Thank you for your constructive suggestion. We address the concerns below with further experiments and analysis.

Generative Reward Model (GRM)

We include additional results on LLaMA3.1–8B-Instruct to compare our method with strong GRMs. GRM performance remains heavily constrained by their training data. For example, on the math task—where RM-R1 is enhanced via RL—it slightly outperforms our method by 1.5%. However, on out-of-domain tasks like tool use, its performance drops significantly, lagging behind ours by 5.8%.

Moreover, GRMs are computationally expensive to train [1], and continual fine-tuning for new domains is often impractical. This makes them less flexible and scalable than our lightweight approach.

In terms of ranking-time overhead, GRMs are also nearly impractical. Take the math task as an example: our method introduces negligible latency during ranking, whereas GRMs require generating over 16K tokens per query to compute scores—resulting in over one minute of delay, which is virtually unacceptable in real-world applications.

Decoding Optimization

We clarify that decoding methods generally fall into two broad categories: (i) reranking-based methods, which operate on sampled responses as our method does, and (ii) methods that modify the model’s output probability distribution during generation.
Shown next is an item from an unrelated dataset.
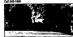
BEAUTIFUL ESTATE RANCH. Charm of the 20's, conveniences of the 90's. Fireplaces in living room and master suite. High ceilings, crown moldings and French doors. $489,000 (ED-H-27BRO) 634543 Call 646-1400

The first category often relies on auxiliary reward models like our baselines, or is task-specific. For example, self consistency [2] improves reasoning performance by aggregating multiple sampled answers via majority voting. This technique is particularly effective in tasks like math, where the final answer is often a short, well-defined value—making consensus across candidates meaningful.

However, for tasks such as code generation, tool use, or even general instruction-following (see Appendix B), the outputs tend to be long, diverse, and semantically equivalent in multiple ways. In these settings, candidate responses often differ significantly in surface form, making majority voting unreliable and diminishing the effectiveness of self consistency.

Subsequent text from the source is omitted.